Earnings jump to €8m at O’Brien-owned Beacon

The Beacon Hospital in Dublin has enjoyed a ‘very good’ 2017 and ‘strong’ 2018, with revenues breaking €100m
The Beacon Hospital in Dublin has enjoyed a ‘very good’ 2017 and ‘strong’ 2018, with revenues breaking €100m
Denis O’Brien

Earnings at the Denis O’Brien-owned Beacon Hospital in Dublin last year increased by 27pc to €7.9m.

New accounts by Beacon Medical Group Sandyford Ltd and subsidiaries show that the business recorded the increase in earnings before interest, taxes, depreciation, amortisation and rent (ebitdar) after revenues increased by 13pc, going from €91.7m to €103.9m.

Beacon Hospital group financial officer Daragh Kavanagh said yesterday that “2017 was a very good year for the hospital in terms of growth, activity and revenue”.

Mr Kavanagh said that 2018 has also been “a very strong year” for the hospital.

The directors said that ebitdar is the metric the hospital uses to measure the underlying profitability of the business.

Mr Kavanagh said: “Last year’s guidance that we were well-positioned to drive margin improvement in 2017 has been delivered. This trend has continued into 2018.”

The hospital today is one of the most advanced in Europe, with over 1,400 consultants, nurses and healthcare professionals working there.

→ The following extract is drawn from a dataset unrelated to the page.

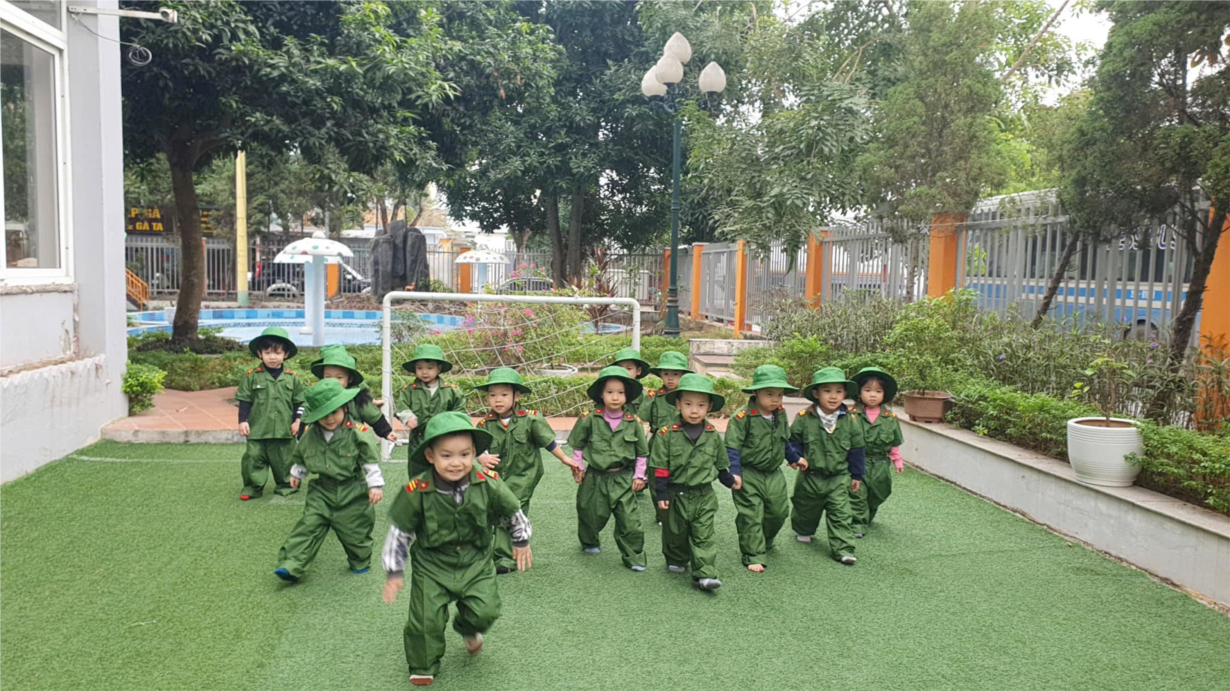 Hoạt động trải nghiệm của các bạn nhỏ MGNhỡ B3 khoác trên mình bộ trang phục chú bộ đội !

At the end of December last, the group had shareholder funds of €23.4m. In 2017, the hospital enjoyed a 4pc increase in inpatient days with average occupancy of 86pc.

The hospital recorded a 12pc increase in inpatient surgeries, to 5,000, and a 6pc increase in day case surgeries to 11,000. During 2017, it had more than 113,000 patient visits.

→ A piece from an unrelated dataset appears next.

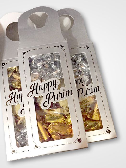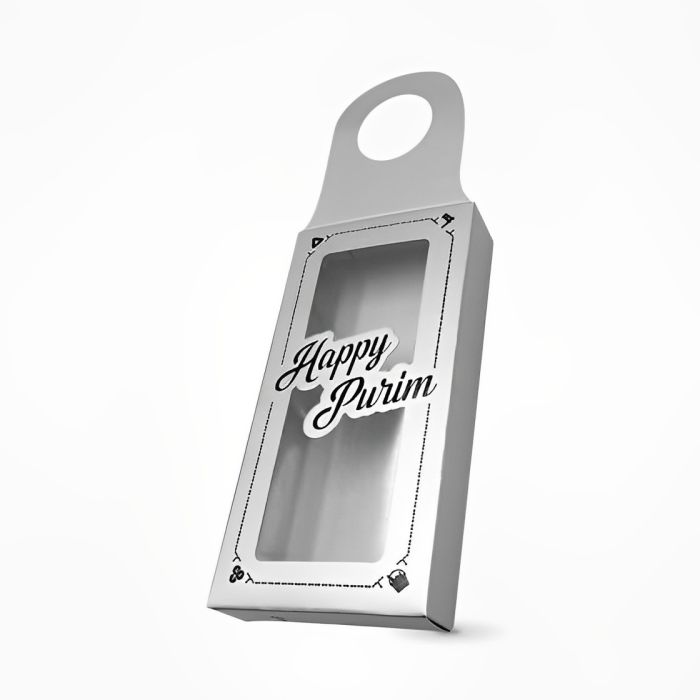 Top off almost any bottle with these bottle hanger boxes for a uniquely decorative shaloch manos. Features a loop to fit over most types of bottles (wine, beer, soda, or water bottles), this shaloch manos box can be filled with hamentaschen, tasty treats, and fun favors.

The Beacon, which opened in 2006, has 199 private acute beds. Jobs were made secure there in 2014 after the intervention of billionaire Mr O’Brien, who acquired the €212m loans attached to the business.

The business last year recorded a pre-tax loss of €6.1m, but this includes non-cash items including depreciation payment of €8.08m and notional interest payments of €4.86m owed to Mr O’Brien that the company doesn’t pay but which are included due to accounting rules.

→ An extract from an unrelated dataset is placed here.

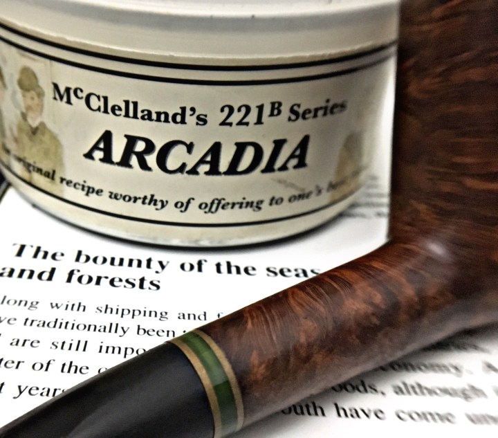 Sayugia itu, blend-blend oriental “purist” yang masih kita boleh dapat kan di pasaran adalah sangat terhad. Namun, satu peluang yang baik muncul apabila McClelland 221b siri “tribute” Sherlock Holmes muncul di pasaran pipa kita tidak lama dahulu. Siri ini mengambil pendekatan yang sangat serius dalam menzahirkan ramuan perpipaan watak-watak di dalam Sherlock Holmes dan Arcadia adalah blend oriental kegemaran Dr Watson yang dicipta khusus tanpa campuran latakia. Sememangnya saya sangat meminati siri ini kerana inilah tembakau blend oriental “as pure as it can be”. Cuma sayangnya approach mereka tidak mengenengahkan sesebuah daun oriental secara spesifik.

Staff costs last year increased from €40m to €44.9m.

According to the directors, the hospital is in the middle of a €70m capital-investment programme to upgrade its equipment and facilities.

The hospital made political donations of €1,560 and charitable donations of €28,676 during the year.

In a post balance sheet event, the directors state that the group increased its banking facilities in February 2018, positioning it to take advantage of property-acquisition opportunities which will allow the hospital to expand its services.